For the Tesserae search application, the client first submits a Tesserae search; the server then needs to run the search and store the results; finally, the client should be able to access the results. Since Tesserae search may take longer than a user is willing to wait, it seemed important to design the search application in such a way that the client would not be stuck waiting for the server to respond with search results. Designing the application so that the server would first respond to the client with the resource name for completed search results not only freed the client from waiting on the server but also made storing application state in either the server or the client unnecessary. The client can make a request on the completed search results, and if the server responds that they aren’t ready yet, the client can wait to make a request later.
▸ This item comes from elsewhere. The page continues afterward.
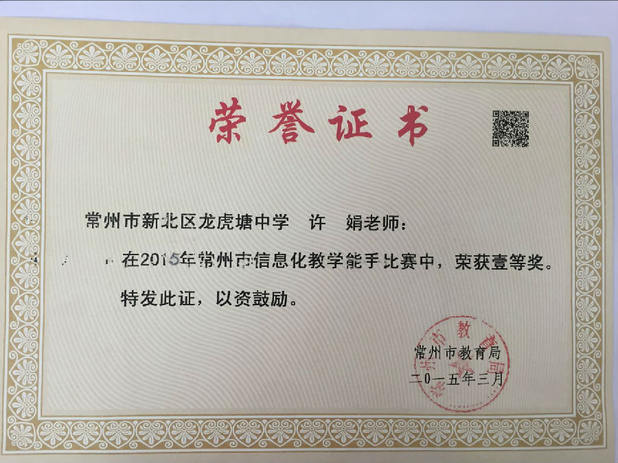 近期获悉,在2015年常州市信息化教学能手竞赛中,代表新北区龙虎塘中学参赛的新北综合二支部副主委许娟以出众的表现荣获语文组一等奖。 许娟老师从事语文教学多年,潜心钻研、自我砥砺,教学技艺日臻成熟,连续多年获得校青年教师评优课一等奖,区学科竞赛一等奖,青年教师演讲比赛一等奖,校班主任基本功竞赛一等奖,并且曾担任过多个国家级、省级课题负责人, 2013—2014年度被评为全国教育科学“十二五”课题“‘少教多学’在中小学语文教学中的策略与方法研究”课题优秀教师,多次开设区级、市级、省级公开课,受到高度的认可和肯定,并多次获得新北区嘉奖,也因此获得了新北区“德育先进个人”、校“学生最喜爱的班主任”等多项殊荣。(王培琦、于玉婷)
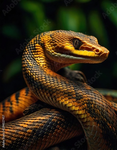Fototapeta premium A striking close-up of a snake with intricate golden and black scales, coiled...

The previous points demonstrate that each of the five REST principles were considered in certain aspects of the TIS-API. While these examples do not describe all the ways in which the five REST principles were employed in the design of the TIS-API, these examples should serve to substantiate the claim that the five REST principles were important considerations during the design of the TIS-API. Because of this, the TIS-API provides machine-accessibility to Tesserae’s capabilities.

Tesserae Search via the TIS-API

Though claims of machine-accessibility can be made through the REST principles, it can be more convincing to show machine-accessibility by walking through the process of submitting a Tesserae search through the TIS-API (see Figure 7 for a high-level workflow of the process). For those who prefer directly reading the behavior prescribed by the TIS-API instead of going through this example, the TIS-API documentation site is available at https://tesserae.caset.buffalo.edu/docs/api/. For those who want to know exact details about how the TIS-API was implemented, source code is available at https://github.com/tesserae/apitess.

Figure 7.

A high-level overview of the workflow used to submit a Tesserae intertext search through the TIS-API. This image is also used at https://tesserae.caset.buffalo.edu/docs/api/getting-started/workflow/, where a similar workflow is described.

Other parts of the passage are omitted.